DIRECTIONS: Copy the data below exactly, omitting any picture it contains.

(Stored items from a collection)
# # # #
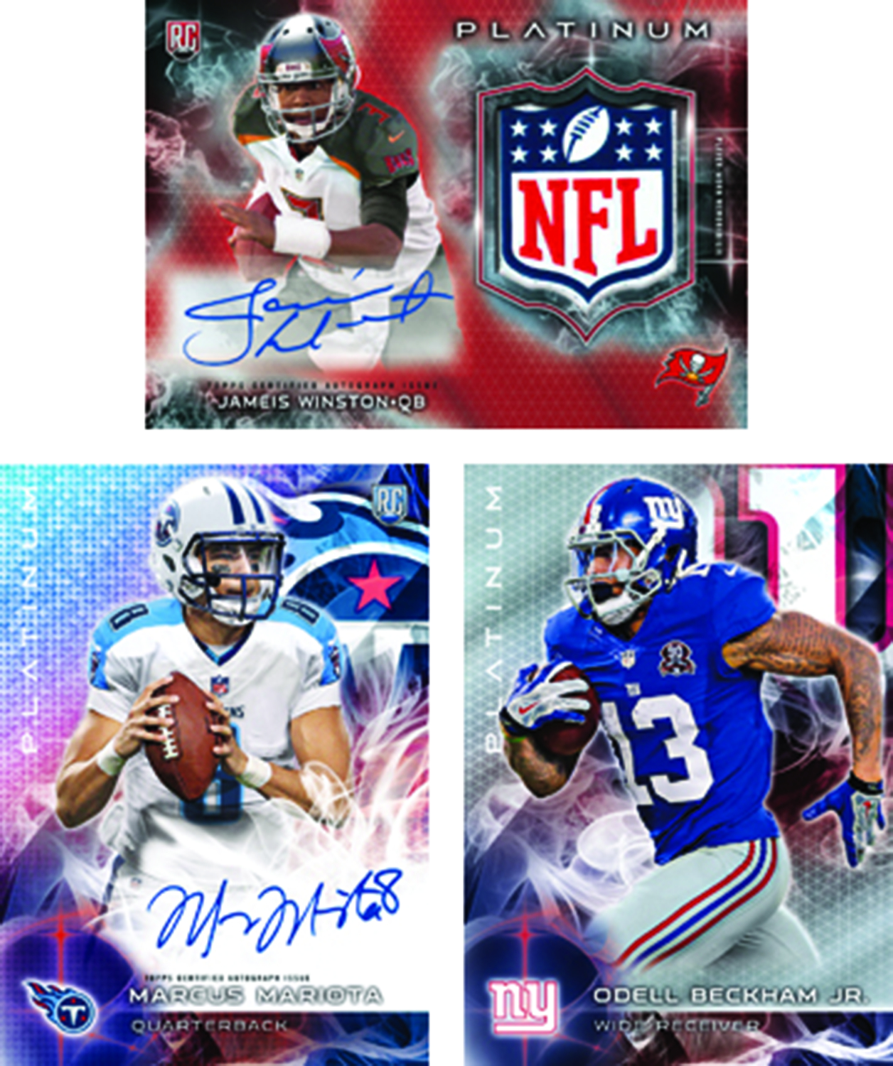 Topps Platinum is back in 2015 with new, high-end designs featuring autograph cards from the top NFL rookies from the 2015 NFL draft class! Each box contains 2 Autographed Rookie Cards, 1 Autographed Rookie or Veteran Patch Card, 5 X-Fractor Parallel Rookie Cards, 1 Black Refractor Parallel Rookie Card and 1 Platinum Die-Cut Rookie Card. In addition to a base series of 100 Veterans and 50 Rookies, look for: Autographed Rookie Cards; Dual Autographed Rookie Cards; Hexagraph Double-Sided Rookie Cards; BCA Die-Cut Ribbon Autograph Cards; STS Die-Cut Ribbon Autograph Cards; Platinum Players Die-Cut Rookie Autograph Cards; Autographed Rookie Refractor Patch Cards; Autographed Veteran Refractor Patch Cards; Dual Autographed Dual Patch; and Platinum Rookie Autographed Patch Cards (1 per case). Plus: Platinum Die-Cut Rookie Cards (1 per box); BCA & STS Die-Cut Ribbon Cards (1 per case); Veteran Gold Parallel Cards; and Parallel Rookie Cards featuring chrome technology. All this, plus Refractors. X-Fractors, Printing Plates and more! 5 cards per pack. 20 packs per box.
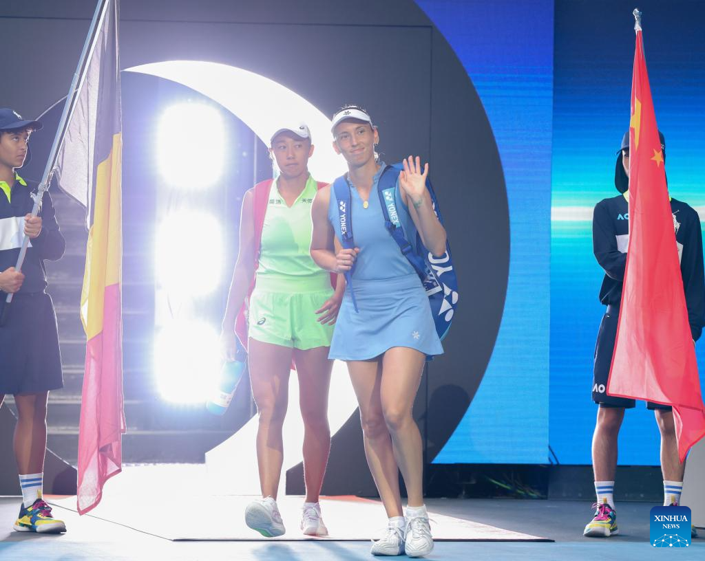 Zhang Shuai (2nd L)/Elise Mertens (2nd R) enter the court before the women's doubles final match between Zhang Shuai (China)/Elise Mertens (Belgium) and Anna Danilina (Kazakhstan)/Aleksandra Krunic (Serbia) at the Australian Open tennis tournament in Melbourne, Australia, Jan. 31, 2026. (Xinhua/Ma Ping)
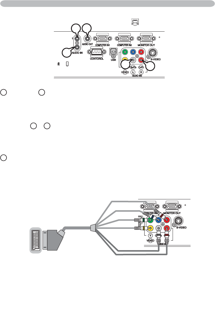 To input SCART RGB signal to the projector, use a SCART to RCA cable.
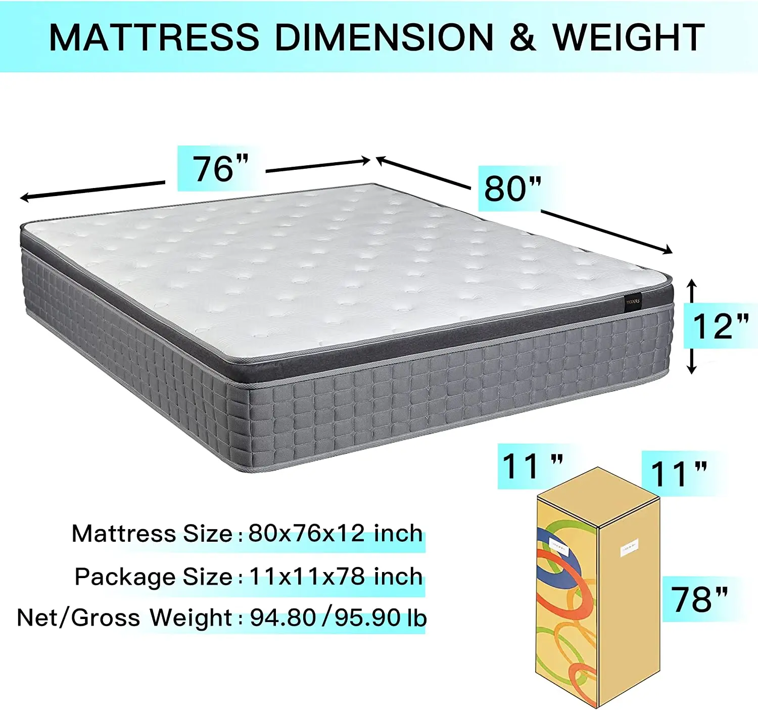King: 80 x 76 x 12 Inch / 94.80 lb
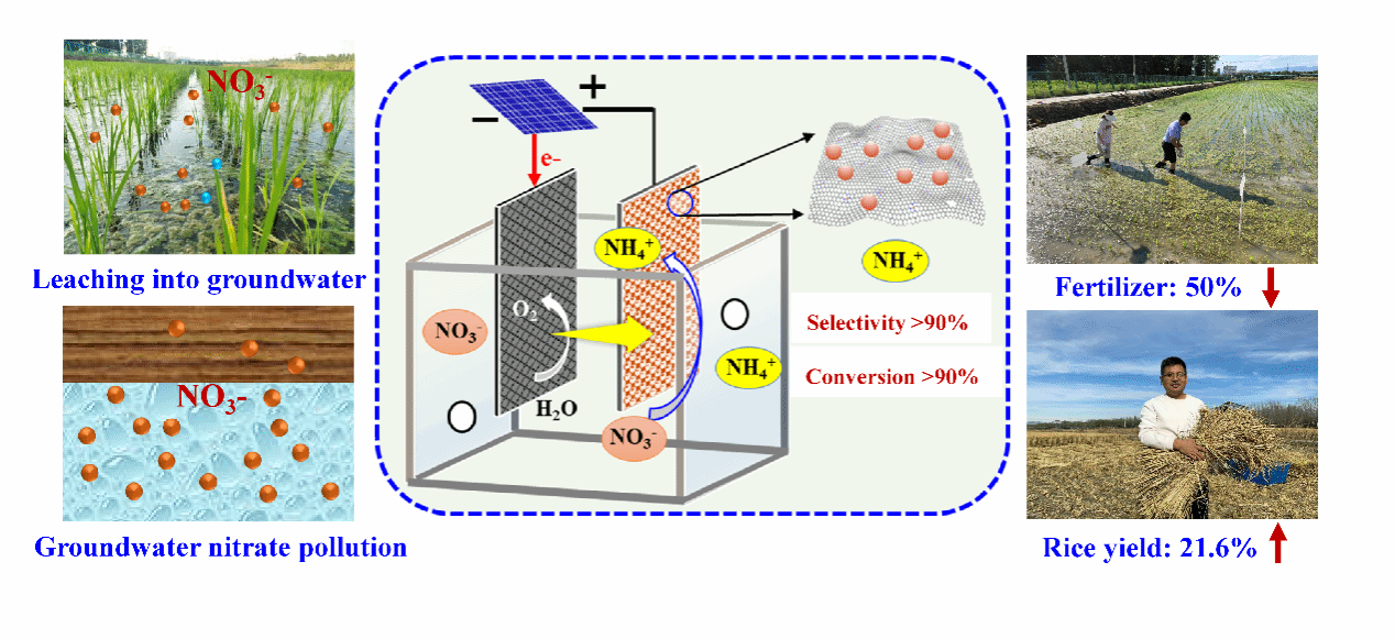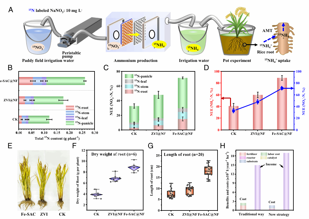 基于水稻喜銨特性以及稻田灌溉水富含硝酸鹽的特點(diǎn),課題組提出將稻田灌溉水中硝酸鹽轉(zhuǎn)化為銨以促進(jìn)水稻氮吸收并替代部分化肥的策略。通過(guò)盆栽實(shí)驗(yàn)驗(yàn)證,該策略使水稻產(chǎn)量提高超20%,化肥使用量減少50%。課題組在前期研究基礎(chǔ)上,巧妙將單原子鐵催化劑嵌入電化學(xué)技術(shù),實(shí)現(xiàn)了實(shí)際稻田灌溉水中硝酸鹽高選擇性(大于 90%)快速還原為銨。15N同位素示蹤技術(shù)進(jìn)一步證實(shí),超過(guò)80%的環(huán)境硝酸鹽氮素被水稻吸收利用。
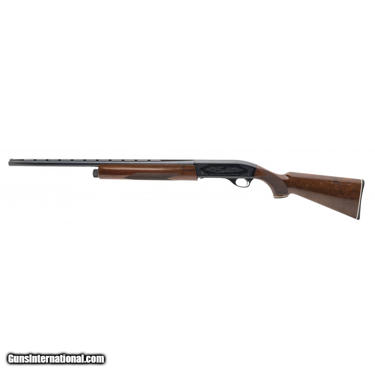 Description: " SN: FS07807. 12 gauge with a 26"" barrel, bore is excellent. Semi automatic shotgun with engraved receiver, vent rib, improved modified choked barrel and walnut stock. Overall very good condition. SOLD |
# # # #
EXERCISE ANSWER:
 Topps Platinum is back in 2015 with new, high-end designs featuring autograph cards from the top NFL rookies from the 2015 NFL draft class! Each box contains 2 Autographed Rookie Cards, 1 Autographed Rookie or Veteran Patch Card, 5 X-Fractor Parallel Rookie Cards, 1 Black Refractor Parallel Rookie Card and 1 Platinum Die-Cut Rookie Card. In addition to a base series of 100 Veterans and 50 Rookies, look for: Autographed Rookie Cards; Dual Autographed Rookie Cards; Hexagraph Double-Sided Rookie Cards; BCA Die-Cut Ribbon Autograph Cards; STS Die-Cut Ribbon Autograph Cards; Platinum Players Die-Cut Rookie Autograph Cards; Autographed Rookie Refractor Patch Cards; Autographed Veteran Refractor Patch Cards; Dual Autographed Dual Patch; and Platinum Rookie Autographed Patch Cards (1 per case). Plus: Platinum Die-Cut Rookie Cards (1 per box); BCA & STS Die-Cut Ribbon Cards (1 per case); Veteran Gold Parallel Cards; and Parallel Rookie Cards featuring chrome technology. All this, plus Refractors. X-Fractors, Printing Plates and more! 5 cards per pack. 20 packs per box.
 Zhang Shuai (2nd L)/Elise Mertens (2nd R) enter the court before the women's doubles final match between Zhang Shuai (China)/Elise Mertens (Belgium) and Anna Danilina (Kazakhstan)/Aleksandra Krunic (Serbia) at the Australian Open tennis tournament in Melbourne, Australia, Jan. 31, 2026. (Xinhua/Ma Ping)
 To input SCART RGB signal to the projector, use a SCART to RCA cable.
King: 80 x 76 x 12 Inch / 94.80 lb
 基于水稻喜銨特性以及稻田灌溉水富含硝酸鹽的特點(diǎn),課題組提出將稻田灌溉水中硝酸鹽轉(zhuǎn)化為銨以促進(jìn)水稻氮吸收并替代部分化肥的策略。通過(guò)盆栽實(shí)驗(yàn)驗(yàn)證,該策略使水稻產(chǎn)量提高超20%,化肥使用量減少50%。課題組在前期研究基礎(chǔ)上,巧妙將單原子鐵催化劑嵌入電化學(xué)技術(shù),實(shí)現(xiàn)了實(shí)際稻田灌溉水中硝酸鹽高選擇性(大于 90%)快速還原為銨。15N同位素示蹤技術(shù)進(jìn)一步證實(shí),超過(guò)80%的環(huán)境硝酸鹽氮素被水稻吸收利用。
 Description: " SN: FS07807. 12 gauge with a 26"" barrel, bore is excellent. Semi automatic shotgun with engraved receiver, vent rib, improved modified choked barrel and walnut stock. Overall very good condition. SOLD |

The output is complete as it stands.